§ The task
Please transcribe exactly the lines from the line holding "Artisan Handcrafted Brazilian" through the end of the data below, and skip any pictures.

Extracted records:

####

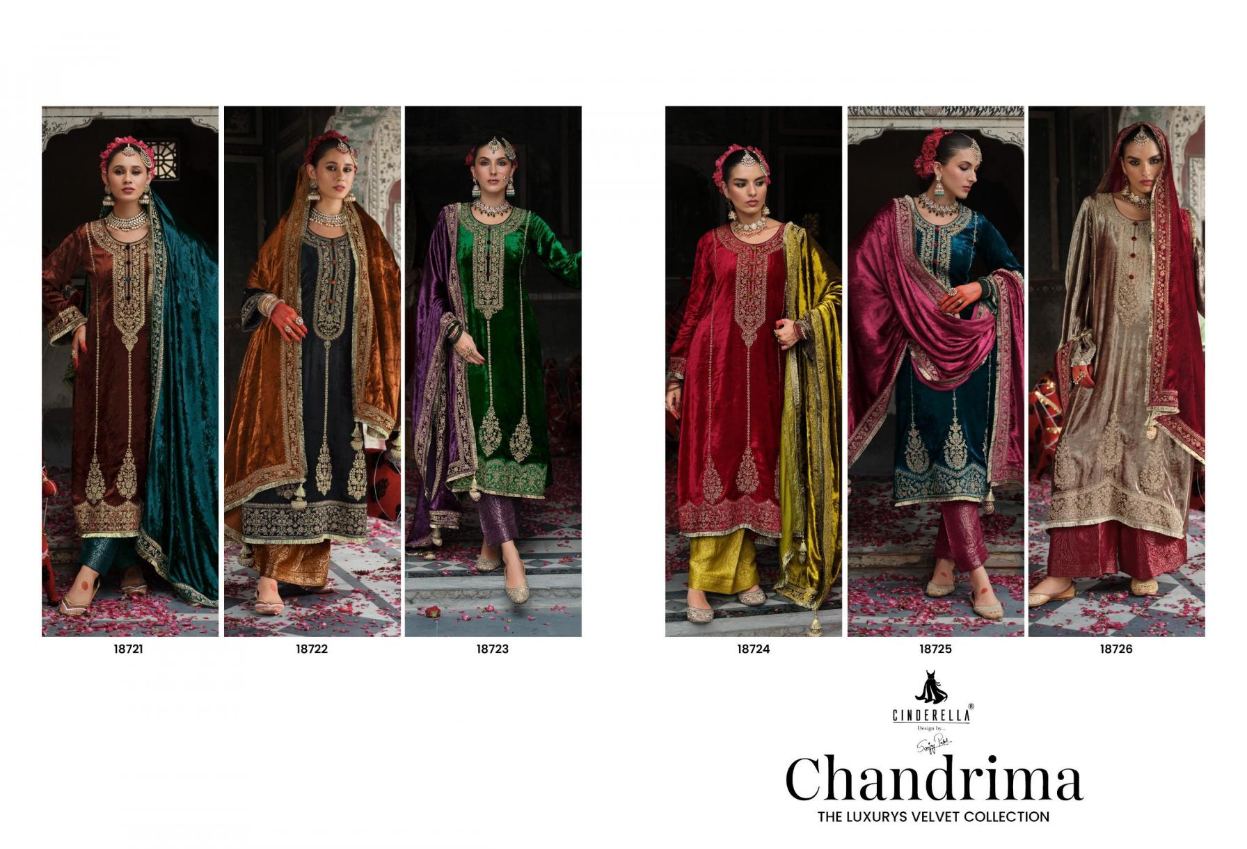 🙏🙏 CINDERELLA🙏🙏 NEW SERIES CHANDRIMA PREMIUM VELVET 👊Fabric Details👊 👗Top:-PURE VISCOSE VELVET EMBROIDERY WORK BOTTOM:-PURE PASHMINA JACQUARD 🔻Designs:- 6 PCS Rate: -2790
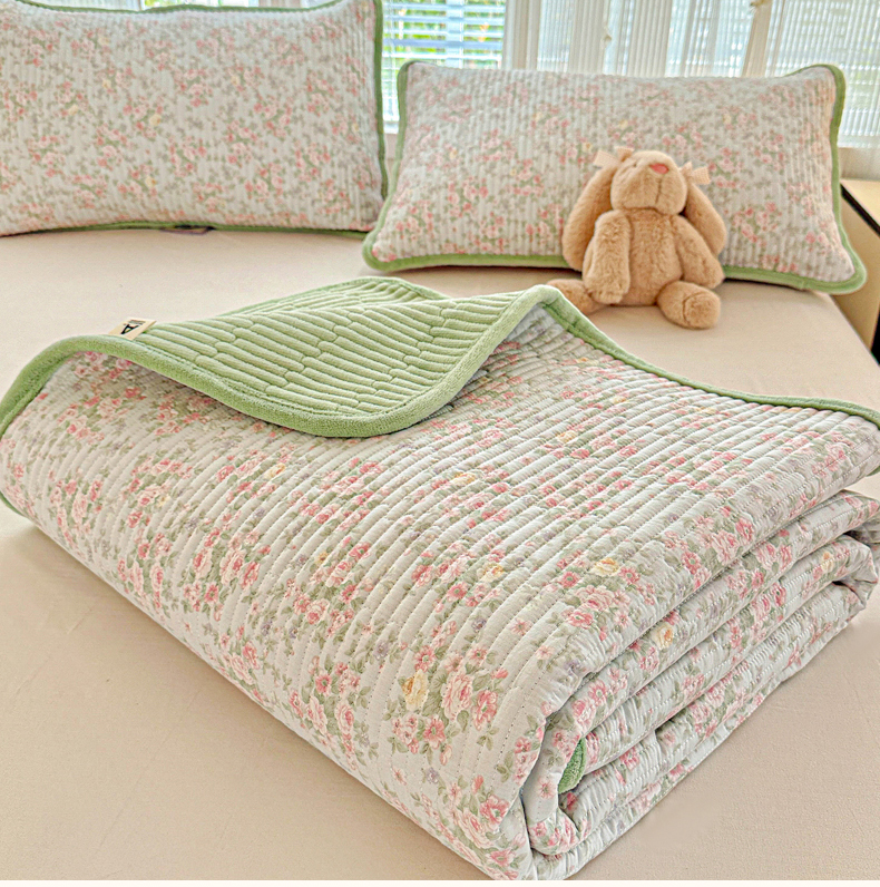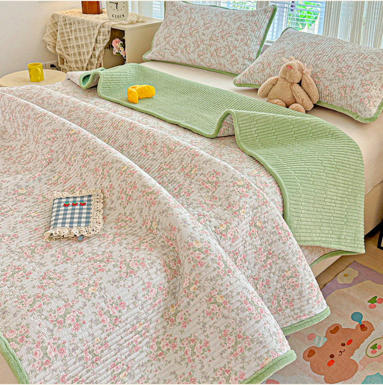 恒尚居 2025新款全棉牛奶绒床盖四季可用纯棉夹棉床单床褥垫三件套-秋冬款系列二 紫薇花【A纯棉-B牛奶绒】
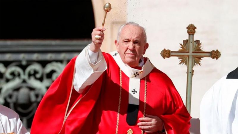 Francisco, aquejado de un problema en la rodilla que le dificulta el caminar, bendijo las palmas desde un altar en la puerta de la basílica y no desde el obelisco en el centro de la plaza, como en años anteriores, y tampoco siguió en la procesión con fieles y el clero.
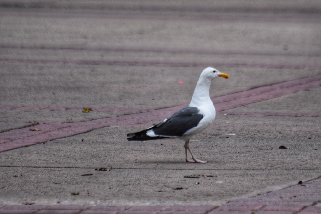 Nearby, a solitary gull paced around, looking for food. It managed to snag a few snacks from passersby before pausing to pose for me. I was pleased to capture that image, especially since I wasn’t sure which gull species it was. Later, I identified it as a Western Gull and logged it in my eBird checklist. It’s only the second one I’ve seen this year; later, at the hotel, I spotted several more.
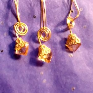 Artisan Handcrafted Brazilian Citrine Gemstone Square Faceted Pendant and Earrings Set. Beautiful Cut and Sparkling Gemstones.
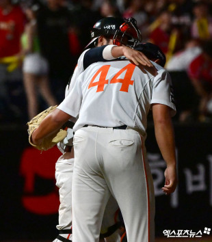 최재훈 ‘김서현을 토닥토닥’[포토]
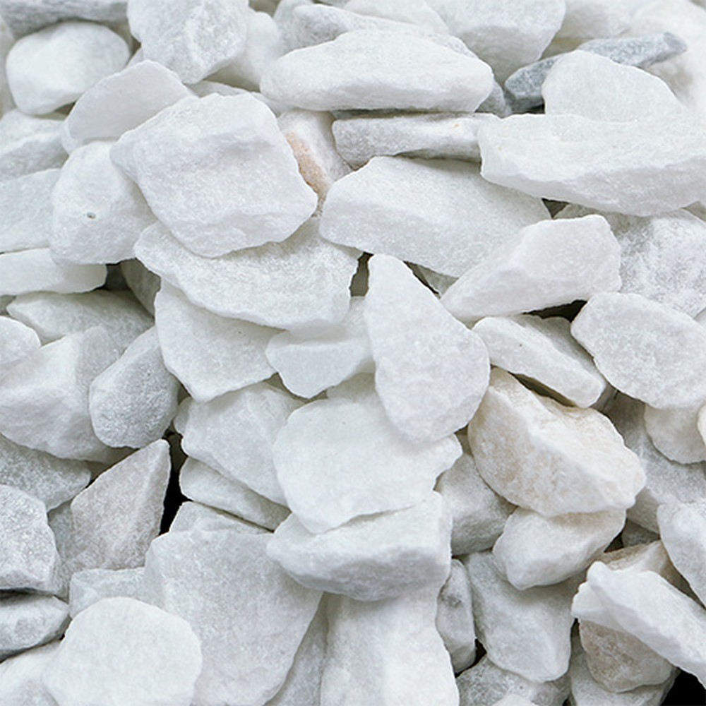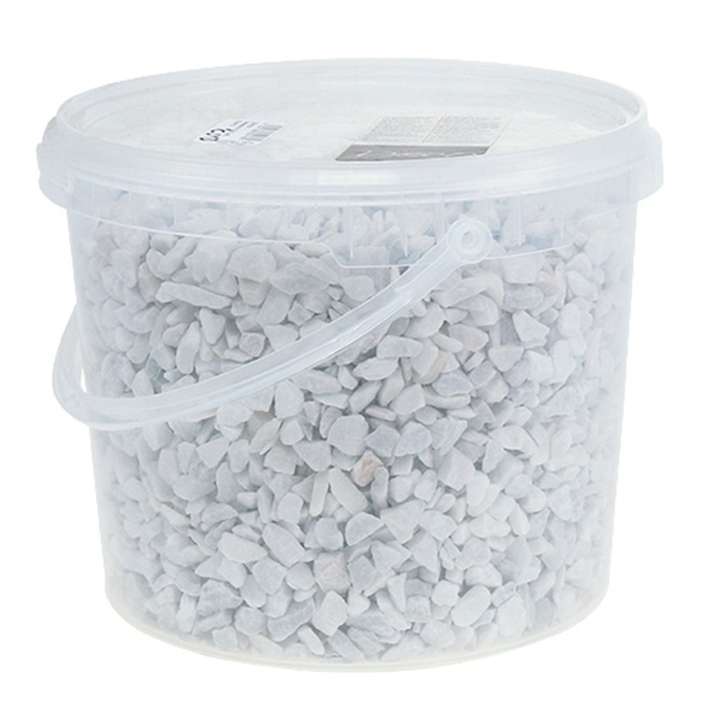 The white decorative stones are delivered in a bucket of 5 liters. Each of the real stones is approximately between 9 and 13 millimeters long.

####

§ Task result
 Artisan Handcrafted Brazilian Citrine Gemstone Square Faceted Pendant and Earrings Set. Beautiful Cut and Sparkling Gemstones.
 최재훈 ‘김서현을 토닥토닥’[포토]
 The white decorative stones are delivered in a bucket of 5 liters. Each of the real stones is approximately between 9 and 13 millimeters long.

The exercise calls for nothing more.